Oh and just because it's not NFPA doesn't add any liability to anything. You have to fully understand what NFPA actually does and how they govern. You also have to know how broad and non specific the NFPA is on certain subjects. Rescue is so broad and so detailed, there's no way for them to capture every scenario and make a standard for it. That would be ridiculously impossible undertaking. Check out the tech rescue standards for yourself. You'll find them to be extremely bark because they know all scenarios could never be covered. Having a standard like cave is not practical for all departments. We don't all have caves but the fundamentals of rope are the same no matter where the rescue is.
 
Thanks for the explanation. It was my understanding from a discussion with a local fire chief that all rope rescue of any sort had to be done with nfpa gear and guidelines if the fire department was involved at all. Basically saying they would kick me out of a tree rescue because my gear isn't nfpa approved even if I was already mid rescue when they showed up. That kinda rubbed me the wrong way. We're all volunteer in this area unless inside the city limits.
 
That is correct. NFPA approves gear and for it to be used by the FD it has to meet the various standards. NFPA does not dictate exactly how the work is done specifically. It's loosely referenced and mostly rests on manufacturers guidelines. They anchor to bushes out west. NFPA doesn't dictate how that's done. There industry wide accepted scope of practice that should be followed. They cant kick you out of the tree if they can't get to you. As long as you are trainined and proficient then continue the rescue and do no harm.
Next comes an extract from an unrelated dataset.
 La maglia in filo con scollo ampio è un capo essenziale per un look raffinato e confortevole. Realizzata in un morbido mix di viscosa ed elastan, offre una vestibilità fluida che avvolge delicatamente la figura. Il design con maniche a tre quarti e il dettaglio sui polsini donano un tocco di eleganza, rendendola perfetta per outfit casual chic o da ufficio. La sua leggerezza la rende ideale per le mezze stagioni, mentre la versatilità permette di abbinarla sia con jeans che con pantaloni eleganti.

Screw up and they'll have your ass. Be successful and see how that turns out in the media that they stopped you from saving someones life! It goes without saying that you better know exactly what you're doing and know medically how to do it without making it worse. Manipulate a spinal cord injury and make it worse and you'll likely find yourself in court or worse. But largely he's correct!! Look up the standards and educate yourself as much as possible. They're easily accessible.
 
That is correct. NFPA approves gear and for it to be used by the FD it has to meet the various standards. NFPA does not dictate exactly how the work is done specifically. It's loosely referenced and mostly rests on manufacturers guidelines. They anchor to bushes out west. NFPA doesn't dictate how that's done. There industry wide accepted scope of practice that should be followed. They cant kick you out of the tree if they can't get to you. As long as you are trainined and proficient then continue the rescue and do no harm. Screw up and they'll have your ass. Be successful and see how that turns out in the media that they stopped you from saving someones life! It goes without saying that you better know exactly what you're doing and know medically how to do it without making it worse. Manipulate a spinal cord injury and make it worse and you'll likely find yourself in court or worse. But largely he's correct!! Look up the standards and educate yourself as much as possible. They're easily accessible.
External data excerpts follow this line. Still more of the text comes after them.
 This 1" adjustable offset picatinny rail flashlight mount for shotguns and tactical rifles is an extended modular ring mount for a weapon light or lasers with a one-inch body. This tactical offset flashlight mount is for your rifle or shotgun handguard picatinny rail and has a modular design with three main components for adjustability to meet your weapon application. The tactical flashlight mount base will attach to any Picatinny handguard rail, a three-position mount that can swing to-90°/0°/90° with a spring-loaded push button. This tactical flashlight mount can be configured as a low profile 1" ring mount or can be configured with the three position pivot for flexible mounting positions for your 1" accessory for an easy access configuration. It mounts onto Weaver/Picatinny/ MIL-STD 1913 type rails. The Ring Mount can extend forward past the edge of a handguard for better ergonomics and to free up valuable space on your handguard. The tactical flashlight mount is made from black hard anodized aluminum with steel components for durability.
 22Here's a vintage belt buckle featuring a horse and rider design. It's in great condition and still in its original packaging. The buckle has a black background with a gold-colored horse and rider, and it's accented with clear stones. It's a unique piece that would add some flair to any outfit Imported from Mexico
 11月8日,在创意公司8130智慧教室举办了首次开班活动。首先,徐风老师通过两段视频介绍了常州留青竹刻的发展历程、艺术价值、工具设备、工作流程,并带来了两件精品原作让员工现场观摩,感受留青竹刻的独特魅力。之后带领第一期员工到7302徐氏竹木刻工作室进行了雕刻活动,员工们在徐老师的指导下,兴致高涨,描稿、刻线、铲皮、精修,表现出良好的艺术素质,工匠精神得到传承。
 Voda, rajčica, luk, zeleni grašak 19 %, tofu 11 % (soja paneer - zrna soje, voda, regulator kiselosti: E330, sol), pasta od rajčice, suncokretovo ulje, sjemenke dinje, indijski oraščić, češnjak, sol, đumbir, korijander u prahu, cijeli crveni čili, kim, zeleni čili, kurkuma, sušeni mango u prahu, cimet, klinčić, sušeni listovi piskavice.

I have also gone through EMR. I don't run medical calls so I haven't taken the state registery. Some of the problem with doing aerial rescue or cave is you can't do some of the required immobile stuff due to how you may have to get a victim out or down.
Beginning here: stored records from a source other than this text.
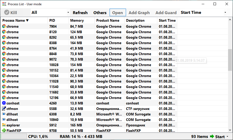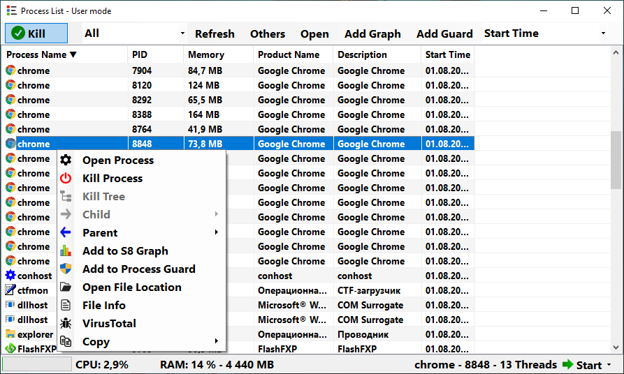 myProcesses 1.2.0.9 — компактная и функциональная утилита для мониторинга и управления системными процессами, сочетающая в себе возможности расширенного диспетчера задач и средства диагностики производительности. Программа позволяет анализировать поведение запущенных приложений, отслеживать нагрузку на процессор, контролировать автозагрузку и блокировать подозрительные процессы. Утилита работает без установки и предоставляет доступ к детализированной истории процессов.
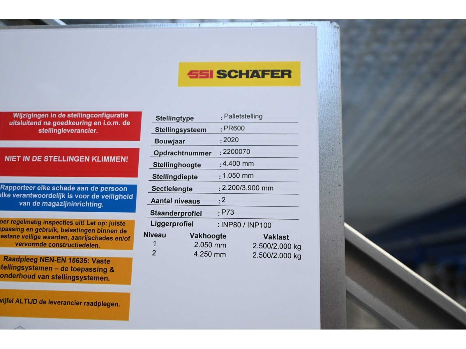 14 x sectiebreedte 400cm, 56 liggers van 400 cm, 8 x sectiebreedte 220cm, 32 liggers van 220 cm. Inclusief Schäfer legborden, aanrijd beveiliging, etc. Nee Merk: SSI Schäfer Type: PR600 Bouwjaar: 2020 Aantal secties: 22 Sectie afm. b: 3900mm Sectie diepte: 1050mm Sectie afm. h: 4400mm Aantal staanders: 24 Aantal liggers: 88 Aantal legborden: 88 Max. sectiebelasting: 5800kg Demontabel: true
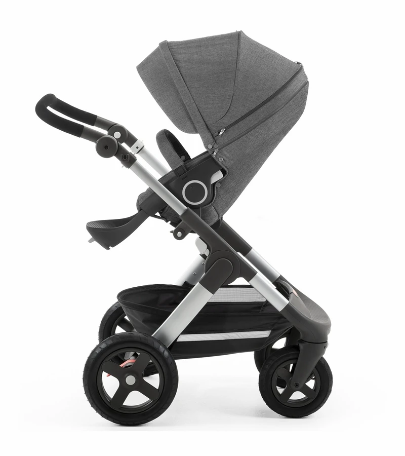 Built for adventure, Stokke Trailz takes you wherever you want to go ? in all seasons and in all terrains. Like all Stokke strollers, the carry cot and seat positions of the Stokke Trailz lift your baby higher to encourage connection between parent and child. Superior maneuverability and effortless steering secure a smooth ride for your little one. Large air filled tires and a spacious waterproof shopping basket make Stokke Trailz the perfect choice for active families who love the outdoors – no matter the weather.

Definitely good info. Thanks again for sharing this with us.
 
I have also gone through EMR. I don't run medical calls so I haven't taken the state registery. Some of the problem with doing aerial rescue or cave is you can't do some of the required immobile stuff due to how you may have to get a victim out or down.

Definitely good info. Thanks again for sharing this with us.
Plenty of gear on the market designed for that kind of immobilization. We've taken many people out of confined machinery spaces with hardly enough space to get a mobile body through. Its there. Just have to know where to source the gear.